→ **What is required**: This exercise calls for the whole listing to be given again exactly, without images.

→ **Recorded data**:
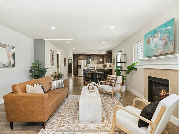 Quality and character shine in this beautifully maintained, single-level home. Perfect for entertaining, the open-concept floor plan-- featuring engineered wood flooring and gas fireplace-- provides a cosy place to gather with friends and family. French doors from the living area open to a charming covered patio and your own private garden retreat. Fully fenced backyard is ready for kiddos, pups or sanctuary. The home chef will love the upgraded gas range w dual convection oven and vented hood, plus herbs growing from planter boxes just steps away on the covered front porch. Quartz counters and all stainless steel appliances provide a quality touch. Spacious primary ensuite includes generous walk-in closet and bath, while versatile 3rd bedroom makes an ideal home office or den. All appliances stay, including W/D and mounted Smart TV. Set on a quiet, non-through street, yet minutes from abundant amenities-- including shopping, dining, MAX line, parks and the 21-mile Springwater Trail-- this Happy Valley gem blends comfort, style and convenience.
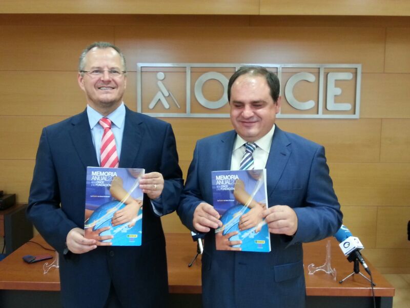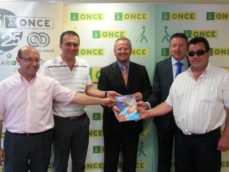 El delegado territorial de la ONCE en Andalucía, Ceuta y Melilla, Patricio Cárceles, junto al director de la ONCE Jaén, Pascual Gualda, enseñando el libro de la memoria
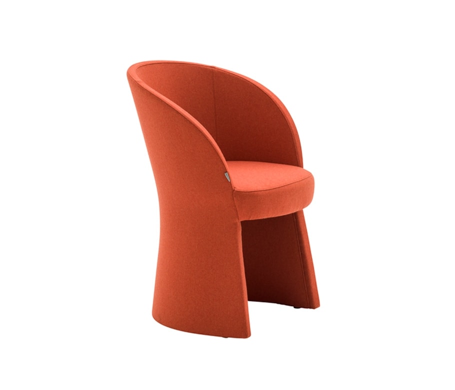 Fauteuil, coques en mousse injectés. Rembourrage sur la structure. Assise sanglé.
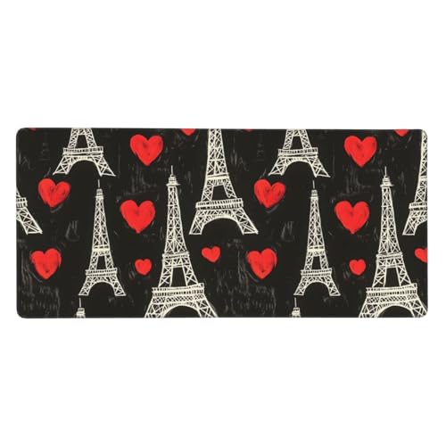 Grand tapis de souris de jeu - Base en caoutchouc imprimé cœur Tour Eiffel - Tapis de bureau avec bords cousus - Tapis de souris pour ordinateur portable, clavier PC - 30,5 x 80,5 cm
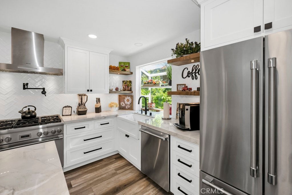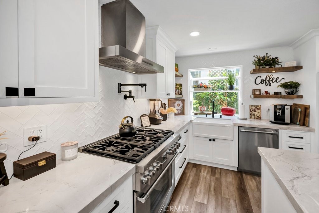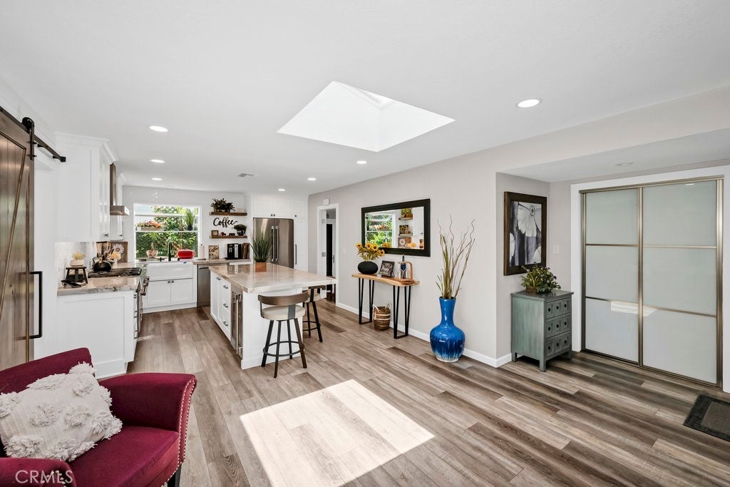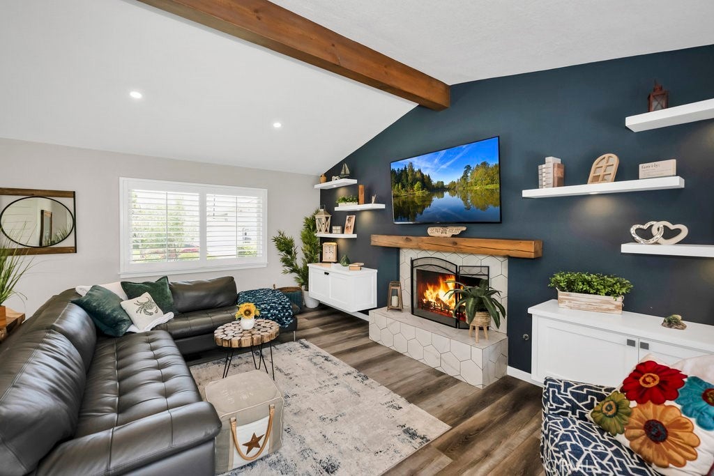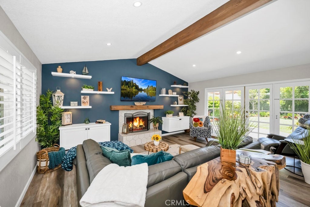 Where Comfort Meets Sophistication on "The Hill"! Tucked away on a peaceful stretch of Driftwood Avenue—set back from Pacific Coast Highway—this stunning residence is located in one of the area's most sought-after neighborhoods, “The Hill.” Thoughtfully transformed in 2021 from the inside out, this home is a showcase of quality craftsmanship and attention to detail. The beautifully remodeled kitchen is a true standout, featuring striking Quartzite countertops, custom cabinetry with under-cabinet lighting, pot-filler over the range, Thermador appliances—including a wine fridge, built-in refrigerator, and microwave—plus a charming bay window and skylight that flood the space with natural light. The living room exudes warmth and style with a redwood beam accent, custom fireplace mantle, and French doors that open to a lush, fully fenced backyard offering the ultimate in privacy and relaxation. Each bedroom with ceiling fans, custom closets offer tons of space and privacy to wind down from a long day. Not to be missed is the fully insulated GARAGE—featuring epoxy flooring, custom cabinetry, a mirrored wall, and an automatic screen door—adding an additional 468sf for a total of 1831sf of versatile living or flex space. Additional highlights include recessed lighting throughout, luxury vinyl plank flooring, custom molding, shiplap accent wall, a beautifully renovated hall bath, Barn Door, new roof, and central A/C. This home isn’t just a place to live—it’s a lifestyle.
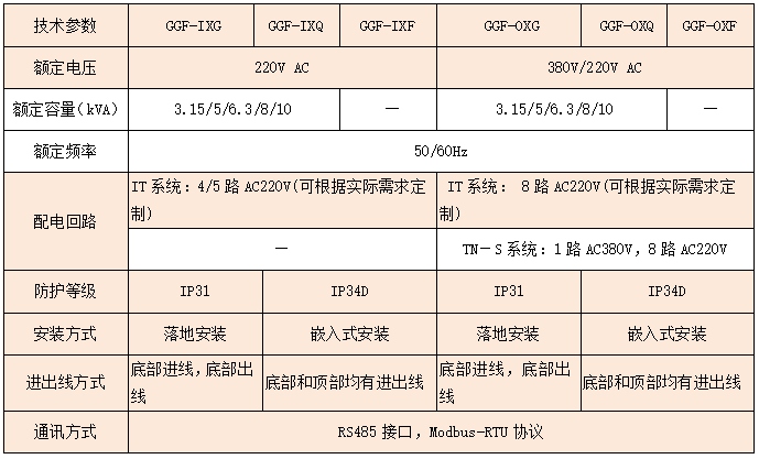 注:1.GGF-IXF和GGF-OXF型為分體式安裝的配電柜,其隔離變壓器外置。
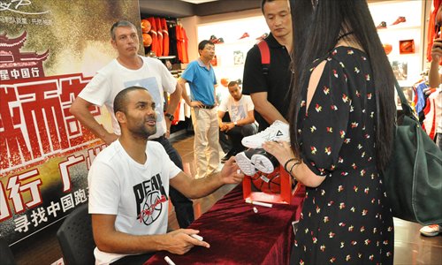 NBA star Tony Parker signs shoes for fans on July 5 at Chengdu University of Technology, Sichuan Province. Parker led an entourage of more than 20 NBA stars to nine cities during their Peak China tour. Photo: Courtesy of Peak
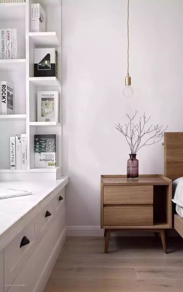 利用书桌来代替床头柜,再把书桌延伸到飘窗上, 再也不担心书籍、电脑和零碎杂物摆放不下了。
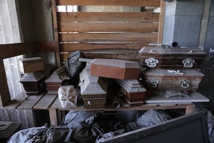 Por último, en el cuarto depósito, llamado “galpón de arena”, se detectaron cuatro lugares separados con 107 ataúdes indiscriminadamente arrumbados junto a más bolsas con restos humanos.
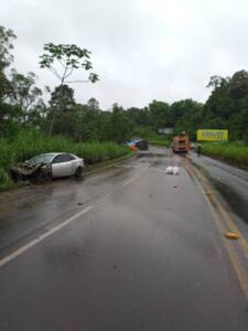 Após o dimensionamento da cena, foi solicitado apoio da PMR (Polícia Militar Rodoviária) para controle do tráfego. A condutora do veículo de passeio (mulher de 40 anos) encontrava-se consciente e sem ferimentos aparentes. O condutor do caminhão (homem de 42 anos) também estava consciente, mas apresentava ferimentos no antebraço esquerdo.
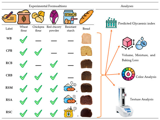 Common white wheat flour was kindly supplied by Macinazione Lendinara SpA (Arcole, Italy). The wheat flour label detailed the following composition: 343 kcal/100 g, fat 1.2 g/100 g, total carbohydrates 70 g/100 g, protein 12 g/100 g, and dietary fiber 2.3 g/100 g. Red Chicory leaves (Cichorium intybus L.) were provided by GEOFUR, a local consortium of Verona (Legnago, Italy). The leaves were dried in an oven at 50 °C for 16 h, ground with Grindomix GM 200 (Retsch, Haan, Germany), and went through a sieve with meshes of 0.2 mm to achieve a fine powder that has the following nutritional characteristics: 240 kcal/100 g, total carbohydrates 23.5 g/100 g, fat 3.3 g/100 g, fiber 27.4 g/100 g, and protein 15.8 g/100 g. The chickpea flour was purchased from Molino Rossetto (Padova, Italy), with the following composition: 355 kcal/100 g, fat 6.6 g/100 g, total carbohydrates 4.1 g/100 g, fiber 9 g/100 g, protein 21 g/100 g, and salt 0.03 g/100 g. Gluten, RSs, and guar gum were provided by ABS Food srl (Padova, Italy), and other ingredients such as sugar, salt, and dried yeast were purchased from a local market. The breads were prepared with a commercial breadmaking machine (Panexpress 750 Metal, model 0132/00—Ariete, Trieste, Italy). Doughs were mixed with a blender (Kenwood, Chef XL KVL4110S, Treviso, Italy), fermented for 3 h at room temperature, and then cooked at 170 °C for 2 h. The overview of the experimental bread formulations and analyses are reported in Figure 1, while the sample formulations expressed as percentages are reported in Table 1.

→ **Answer space**:
 Quality and character shine in this beautifully maintained, single-level home. Perfect for entertaining, the open-concept floor plan-- featuring engineered wood flooring and gas fireplace-- provides a cosy place to gather with friends and family. French doors from the living area open to a charming covered patio and your own private garden retreat. Fully fenced backyard is ready for kiddos, pups or sanctuary. The home chef will love the upgraded gas range w dual convection oven and vented hood, plus herbs growing from planter boxes just steps away on the covered front porch. Quartz counters and all stainless steel appliances provide a quality touch. Spacious primary ensuite includes generous walk-in closet and bath, while versatile 3rd bedroom makes an ideal home office or den. All appliances stay, including W/D and mounted Smart TV. Set on a quiet, non-through street, yet minutes from abundant amenities-- including shopping, dining, MAX line, parks and the 21-mile Springwater Trail-- this Happy Valley gem blends comfort, style and convenience.
 El delegado territorial de la ONCE en Andalucía, Ceuta y Melilla, Patricio Cárceles, junto al director de la ONCE Jaén, Pascual Gualda, enseñando el libro de la memoria
 Fauteuil, coques en mousse injectés. Rembourrage sur la structure. Assise sanglé.
 Grand tapis de souris de jeu - Base en caoutchouc imprimé cœur Tour Eiffel - Tapis de bureau avec bords cousus - Tapis de souris pour ordinateur portable, clavier PC - 30,5 x 80,5 cm
 Where Comfort Meets Sophistication on "The Hill"! Tucked away on a peaceful stretch of Driftwood Avenue—set back from Pacific Coast Highway—this stunning residence is located in one of the area's most sought-after neighborhoods, “The Hill.” Thoughtfully transformed in 2021 from the inside out, this home is a showcase of quality craftsmanship and attention to detail. The beautifully remodeled kitchen is a true standout, featuring striking Quartzite countertops, custom cabinetry with under-cabinet lighting, pot-filler over the range, Thermador appliances—including a wine fridge, built-in refrigerator, and microwave—plus a charming bay window and skylight that flood the space with natural light. The living room exudes warmth and style with a redwood beam accent, custom fireplace mantle, and French doors that open to a lush, fully fenced backyard offering the ultimate in privacy and relaxation. Each bedroom with ceiling fans, custom closets offer tons of space and privacy to wind down from a long day. Not to be missed is the fully insulated GARAGE—featuring epoxy flooring, custom cabinetry, a mirrored wall, and an automatic screen door—adding an additional 468sf for a total of 1831sf of versatile living or flex space. Additional highlights include recessed lighting throughout, luxury vinyl plank flooring, custom molding, shiplap accent wall, a beautifully renovated hall bath, Barn Door, new roof, and central A/C. This home isn’t just a place to live—it’s a lifestyle.
 注:1.GGF-IXF和GGF-OXF型為分體式安裝的配電柜,其隔離變壓器外置。
 NBA star Tony Parker signs shoes for fans on July 5 at Chengdu University of Technology, Sichuan Province. Parker led an entourage of more than 20 NBA stars to nine cities during their Peak China tour. Photo: Courtesy of Peak
 利用书桌来代替床头柜,再把书桌延伸到飘窗上, 再也不担心书籍、电脑和零碎杂物摆放不下了。
 Por último, en el cuarto depósito, llamado “galpón de arena”, se detectaron cuatro lugares separados con 107 ataúdes indiscriminadamente arrumbados junto a más bolsas con restos humanos.
 Após o dimensionamento da cena, foi solicitado apoio da PMR (Polícia Militar Rodoviária) para controle do tráfego. A condutora do veículo de passeio (mulher de 40 anos) encontrava-se consciente e sem ferimentos aparentes. O condutor do caminhão (homem de 42 anos) também estava consciente, mas apresentava ferimentos no antebraço esquerdo.
 Common white wheat flour was kindly supplied by Macinazione Lendinara SpA (Arcole, Italy). The wheat flour label detailed the following composition: 343 kcal/100 g, fat 1.2 g/100 g, total carbohydrates 70 g/100 g, protein 12 g/100 g, and dietary fiber 2.3 g/100 g. Red Chicory leaves (Cichorium intybus L.) were provided by GEOFUR, a local consortium of Verona (Legnago, Italy). The leaves were dried in an oven at 50 °C for 16 h, ground with Grindomix GM 200 (Retsch, Haan, Germany), and went through a sieve with meshes of 0.2 mm to achieve a fine powder that has the following nutritional characteristics: 240 kcal/100 g, total carbohydrates 23.5 g/100 g, fat 3.3 g/100 g, fiber 27.4 g/100 g, and protein 15.8 g/100 g. The chickpea flour was purchased from Molino Rossetto (Padova, Italy), with the following composition: 355 kcal/100 g, fat 6.6 g/100 g, total carbohydrates 4.1 g/100 g, fiber 9 g/100 g, protein 21 g/100 g, and salt 0.03 g/100 g. Gluten, RSs, and guar gum were provided by ABS Food srl (Padova, Italy), and other ingredients such as sugar, salt, and dried yeast were purchased from a local market. The breads were prepared with a commercial breadmaking machine (Panexpress 750 Metal, model 0132/00—Ariete, Trieste, Italy). Doughs were mixed with a blender (Kenwood, Chef XL KVL4110S, Treviso, Italy), fermented for 3 h at room temperature, and then cooked at 170 °C for 2 h. The overview of the experimental bread formulations and analyses are reported in Figure 1, while the sample formulations expressed as percentages are reported in Table 1.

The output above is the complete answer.